Plaintiff initiated this action by filing the complaint on April 22, 2009. (Doc. # 1). On February 18, 2010, the Court granted Plaintiff's unopposed Motion for Summary Judgment. (Doc. # 13). The Court found that Plaintiff had established that Defendant had failed to pay contributions and dues to Plaintiff in violation of a labor agreement between the parties, a settlement agreement between the parties, the Employee Retirement Income Security Act ("ERISA"), and the Labor Management Relations Act ("LMRA"). Id. at 3, 7. The Court found that Plaintiff, the collections agent for employer contributions and dues for three trust funds associated with the Glaziers Architectural Metal and Glass Workers & Resilient Floor and Decorative Covering Workers Union # 1399 of San Diego and Imperial Counties, was entitled to $15,707.06 in damages for unpaid contributions and dues, liquidated damages, and interest. Id. at 6-7. The Court concluded that Plaintiff was also entitled to recover "reasonable attorney's fees and costs" pursuant to 29 U.S.C. § 1332(g)(2). Id. at 8. However, the Court held that Plaintiff had failed to carry its burden of establishing that the amount of attorney's fees to which it was entitled. Id. The Court therefore denied the motion for attorney's fees and costs without prejudice and with leave to refile. Id. The Court ordered Plaintiff to "submit any request for attorney's fees and costs with documentation within sixty (60) days of the date of this order." Id. On April 19, 2010, Plaintiff filed its Motion for Attorney's Fees. (Doc. # 14). Defendant did not file an opposition.

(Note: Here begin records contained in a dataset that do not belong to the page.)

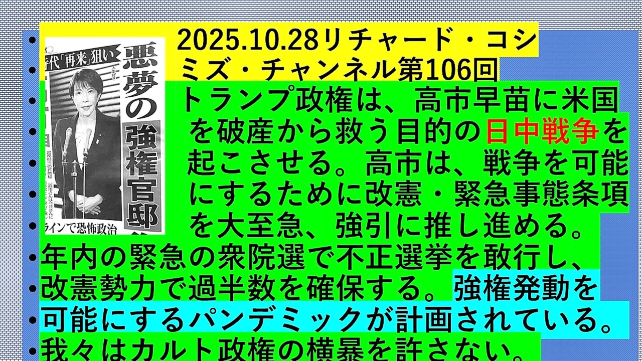 <span style="color: #cc0000;"><strong>◐『「 リチャード・コシミズ・チャンネル 」⦅ 第106回放送 ⦆⦅ 改良版 ⦆』</strong></span><br><br> <span style="color: #ff0000;"><strong>「『 トランプ政権 』は、『 高市早苗 』に『 米国 』を『 破産 』から『 救う 』目的の『 日中戦争 』を『 起こさせる 』。『 高市 』は、『 戦争 』を<br> 『 可能 』にするために『 改憲 』・『 緊急事態条項 』を『 大至急 』、『 強引 』に『 推し進める 』。『 年内 』の『 緊急 』の『 衆院選 』で『 不正<br> 選挙 』を『 敢行 』し、『 改憲勢力 』で『 過半数 』を『 確保 』する。『 強権発動 』を『 可能 』にする『 パンデミック 』が『 計画 』されている。<br> 『 我々 』は、『 カルト政権 』の『 横暴 』を『 許さない 』」</strong></span><br><br> <span style="color: #38761d;"><strong>◐『 リチャード・コシミズ・チャンネル</strong></span><span style="color: #ff0000;"><strong>⦅ ニコニコ チャンネル ⦆</strong></span><span style="color: #38761d;"><strong>』</strong></span><br> <span style="color: #0000ff;"><strong><a href="https://ch.nicovideo.jp/richardkoshimizu" target="_blank" rel="noopener nofollow">https://ch.nicovideo.jp/richardkoshimizu</a></strong></span><br><br> <span style="color: #38761d;"><strong>◐『 リチャード・コシミズ</strong></span><span style="color: #ff0000;"><strong>「 ニコニコ生放送⦅ LIVE ⦆」</strong></span><span style="color: #38761d;"><strong>』</strong></span><br> <span style="color: #0000ff;"><strong><a href="https://www.nicovideo.jp/user/120930363/live_programs" target="_blank" rel="noopener nofollow">https://www.nicovideo.jp/user/120930363/live_programs</a></strong></span><br><br>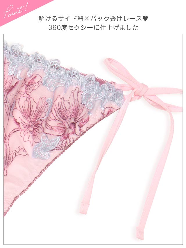 11/5新作!フェアリーアネモネブルーム育乳脇高ブラジャー&サイド紐バック透けTバックショーツ[激売れ]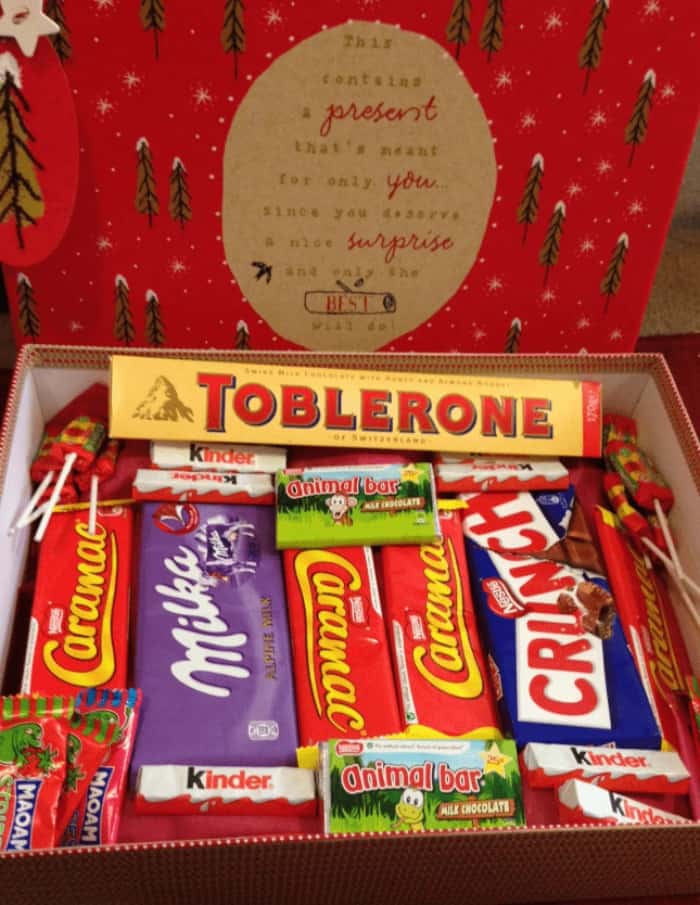 3. A chocolate hamper – I did this for a friend a few years ago and bought all of their favourite chocolates and they absolutely loved it!

Plaintiff contends that it is entitled to $16,560.00 in attorney's fees. (Doc. # 14-1 at 2). In support of the motion, Plaintiff submitted the declaration of Melissa W. Cook, the named partner in the law firm representing Plaintiff. (Doc. # 14-2). Cook states she has practiced law in California for over 25 years and has had numerous ERISA cases. Id. at 1. Cook states that the billing rate of associates in her firm is $225.00 per hour and that her associates spent 73.6 hours in total on this case, billing a total of $16,560.00. Id. at 2. Cook states that her firm "prepared the Complaint, attended an Early Neutral Evaluation Conference, prepared initial disclosures on behalf of Plaintiff, attended a scheduling conference, researched and drafted a successful summary judgment motion, and prepared this motion for attorney's fees." Id. Cook states that in her opinion this is a reasonable fee based on the twelve factors identified by the Ninth Circuit to evaluate awards of attorney's fees. Id. at 2-3. Plaintiff also submitted the billing records of two associates who worked on the case detailing how each attorney spent her time working on the case. Id. at 4-12.
Pursuant to ERISA, in an action "by a fiduciary for or on behalf of a plan" for failure to contribute to a multi-employer benefit plan pursuant to 29 U.S.C. § 1145, if the plaintiff obtains judgment in its favor, "the court shall award the plan . . . reasonable attorney's fees and costs of the action to be paid by the defendant . . . ." 29 U.S.C. § 1132(g)(2); see also Hardt v. Reliance Std. Life Ins. Co., 560 U.S. __, No. 09-448 (May 24, 2010). Awarding fees to a successful plaintiff in an action pursuant to 29 U.S.C. § 1145 is mandatory pursuant to 29 U.S.C. § 1132(g)(2). Northwest Adm'rs, Inc. v. Albertson's, Inc., 104 F.3d 253, (9th Cir. 1996).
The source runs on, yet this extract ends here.